The research proposal finds out that many of the challenges associated with crowds attending the Muslim pilgrimage to Saudi Arabia can be mitigated in case the Saudi Arabia government considers employing project managers as events Managers of the Hajji event. Amore interesting finding is that many technological devices proposed for deployment to aid in the identification of the dead or injured pilgrims can form one of the incredible tools for project managers to utilize in delivering strategies to curtail the occurrence of such encounters in the future. This comes in handy in suggesting that employing project managers to manage the Hajj event may undoubtedly aid in delivering Hajj both safely and successfully.

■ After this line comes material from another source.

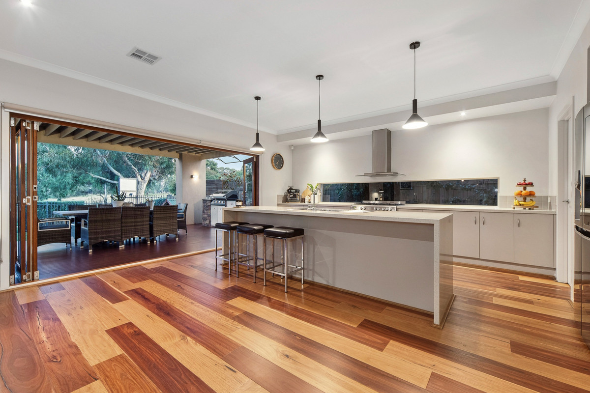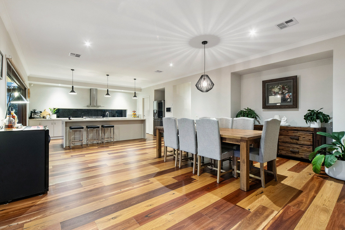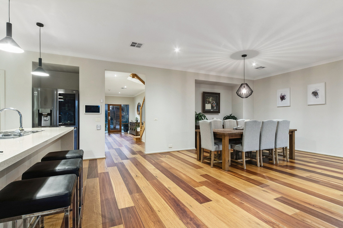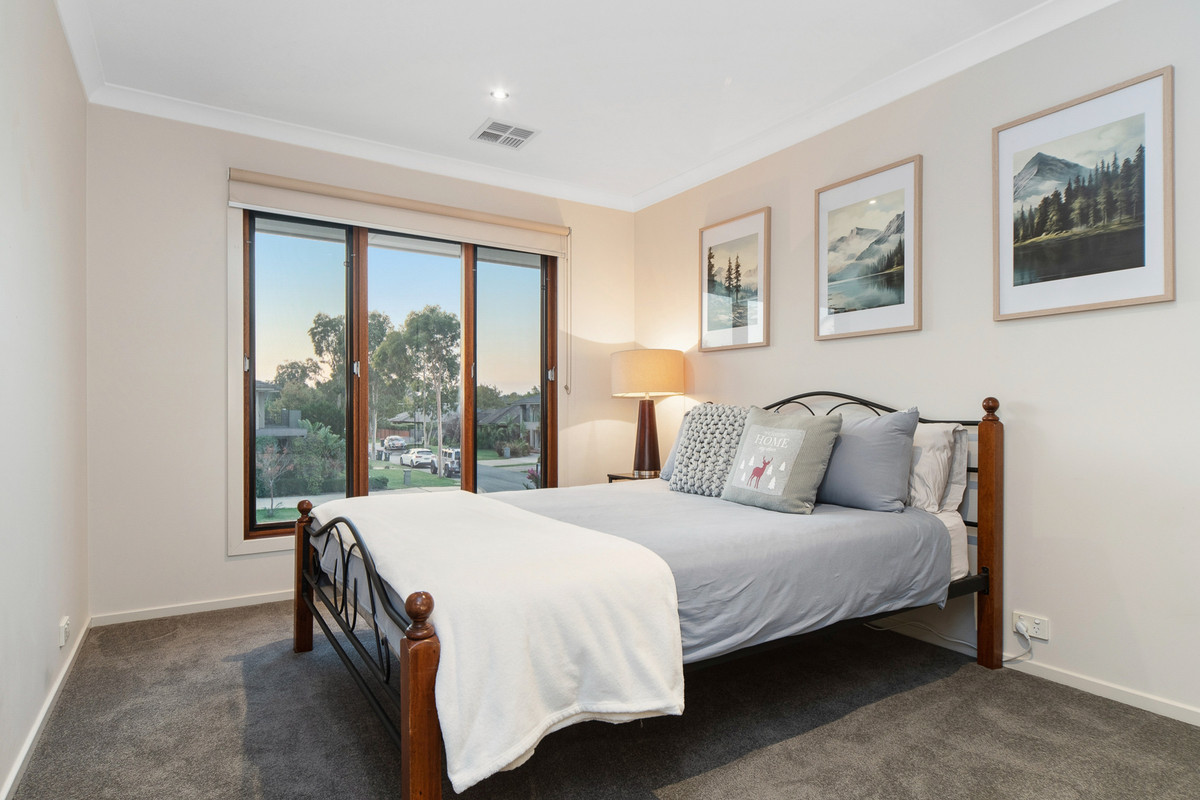 A delicate material change indicates the transition into accommodation, with an upstairs wing dedicated to quiet retreat. Secluded and serene, the master suite features a walk-in wardrobe, luxurious spa-ensuite with double vanity, and private access to the rear-facing balcony. With three additional bedrooms including one with a private balcony, a main bathroom, powder room, and double garage with drive-through access, The home features MyZone smart Refrigerated Cooling & Heating, allowing individual room temperature control, along with a gas log fireplace, split-system air conditioning, stunning solid timber floors, ducted vacuum, and an alarm system. Positioned within a quiet enclave, moments from Carrum Downs Secondary College, Banyan Fields Primary School, and Carrum Downs Shopping Centre.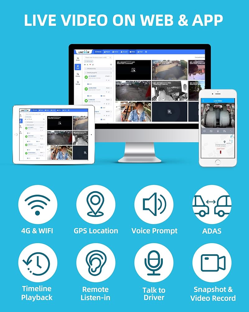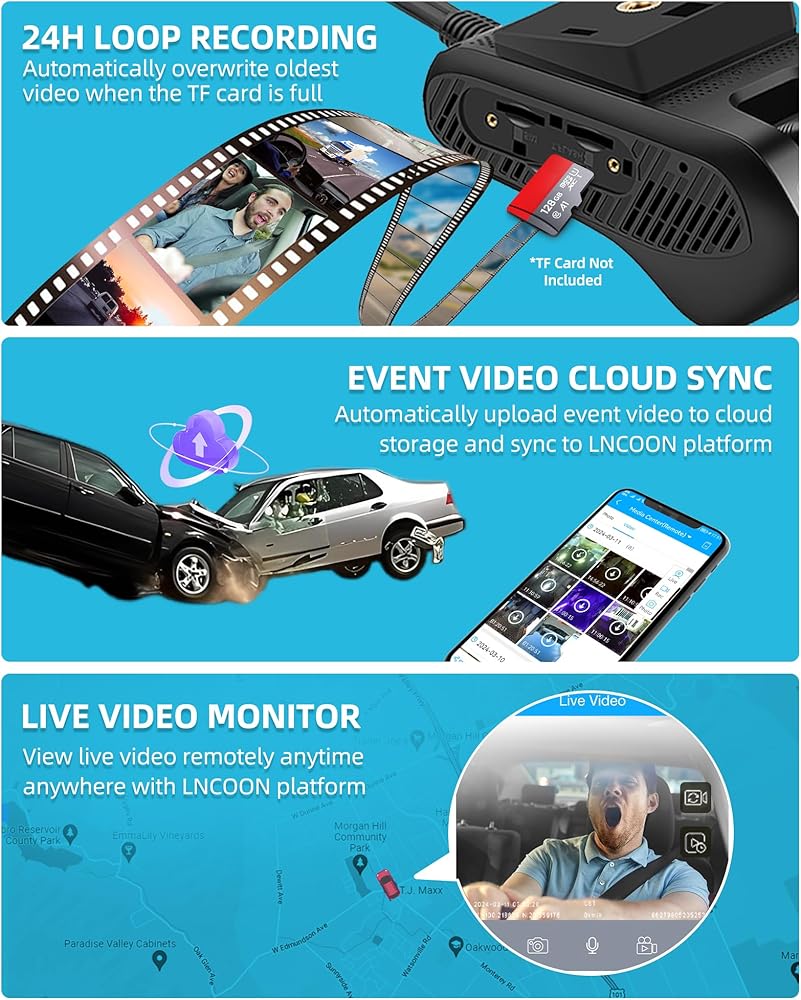 • 【1080P front and 720P inside view】 Dual lens dash cam captures the front and inside videos. The images of the two channels can be remotely monitored via the LNCOON IOT App 24 hours a day. When an incident occurs, both footage from the front and cabin camera can be uploaded to the cloud storage. The inner camera featured night vision. And the tracking webpage supports up to 9 channels which can check multiple devices's live stream at the same time.

The fifth pillar of Islam requires Muslims to attend Hajj at least once in their life if they can do so. The pilgrimage of Muslims is at the holy city of Mecca in Saudi Arabia. During this event, cases of deaths and injuries to the pilgrims are evident throughout the history of the Muslim faith. Such cases relate more commonly to stampedes, diseases, and fires. With the improvement of the transport (availability of jet transport), the number of Muslims attending the event annually has been on the rise. This means that the risks associated with the event are also on the rise. Amid, the Saudi Arabian government to help mitigate such risks, the research proposal recommends that the holy city of Mecca deserves to employ specialists as Project managers in Events management for the Hajj season to deliver Hajj successfully and safely. The proposal places this proposition since project managers specialists are well acquitted with concepts of scheduling and health and safety among other areas, which may incredibly aid in reducing the causes of injuries and deaths among pilgrims especially when more pilgrims would be expected to attend the event in future, as the world continues to get smaller.